How to filter several variables with the same condition in R
9 July, 2021
Here is an imaginary dataset of books, with binary variables describing different possible genres:
library(dplyr)
set.seed(1)
books <- data.frame(
id = 1:10,
is_fantasy = rbinom(10, 1, .5),
is_scifi = rbinom(10, 1, .5),
is_classic = rbinom(10, 1, .5),
is_adventure = rbinom(10, 1, .5)
)
books
Say we want to filter on books that are classic, fantasy adventure novels. We could do this:
books %>%
filter(
is_fantasy == 1,
is_classic == 1,
is_adventure == 1
)
And this is totally fine, except that we're repeating ourselves a little bit—we're writing the filter condition three times. This is no big deal, but starts to become more annoying (and error prone) when you're filtering a large number of variables, and/or with more complicated filtering conditions. You could find yourself copying and pasting the filtering condition a bunch of times, which isn't ideal.
The across
function from dplyr is, in my view, one of the most useful functions in R. I find myself using it most frequently in combination with mutate
and filter
, to apply a function across several variables. I encourage you to check out the vignette for it to get an idea of how powerful it is when used in dplyr workflows; but I promised that this post would be brief, so here's how you can use it to filter several variables with the same logical condition:
books %>%
filter(across(c(is_fantasy, is_classic, is_adventure), ~ . == 1))
This is the same filtering logic as above, just a little bit cleaner and more extensible.
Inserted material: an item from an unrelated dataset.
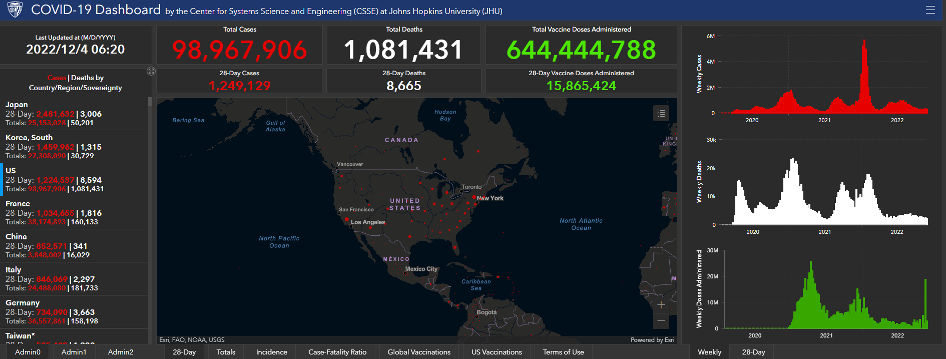 (觀察者網訊)根據美國約翰斯·霍普金斯大學統計數據,截至北京時間12月4日6時20分,美國新冠肺炎累計感染病例達到98967906例,累計死亡病例達1081431例。在過去約24小時內,美國新增感染病例30785例,新增死亡病例146例。
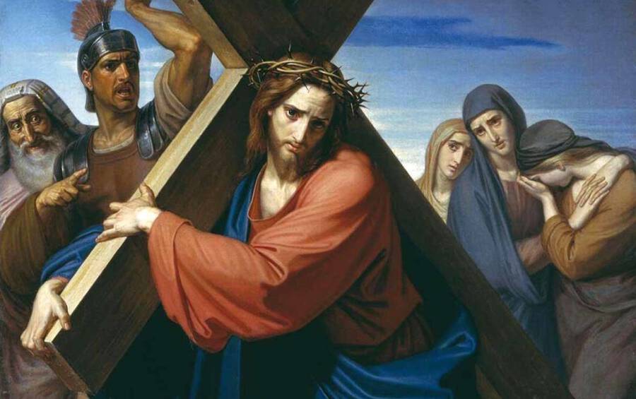 Итак, рано утром Иисуса ведут на лобное место – Голгофу. Он несет горизонтальную перекладину креста, Его руки привязаны к ней. В качестве перекладины часто использовался дверной засов – балку весом около 50 кг. Изможденный предыдущими страстями, Христос, по-видимому, падает (возможно, не один раз), бьется о твердую землю. Когда Он уже не может нести древо Сам, сопровождающие воины заставляют нести эту балку проходящего мимо человека – Симона Киринеянина.

Some notes:
- The first argument to
across
is a tidy-select vector of column names. - The second argument is where you specify which function you want to apply to the columns provided in the first argument. There are a few different ways to do this, but I most frequently use the method shown above: after using a tilde, you can then access the values of each variable with a period. So, for the
is_classic
variable, the syntax~ . == 1
is equivalent tois_classic == 1
.
Let's just write this out with the arguments explicitly provided and a pedantic level of indentation, just to be super clear about how it all fits together:
books %>%
filter(
across(
.cols = c(is_fantasy, is_classic, is_adventure),
.fns = ~ . == 1
)
)
That's it—I'll probably write some more about dplyr in the near future.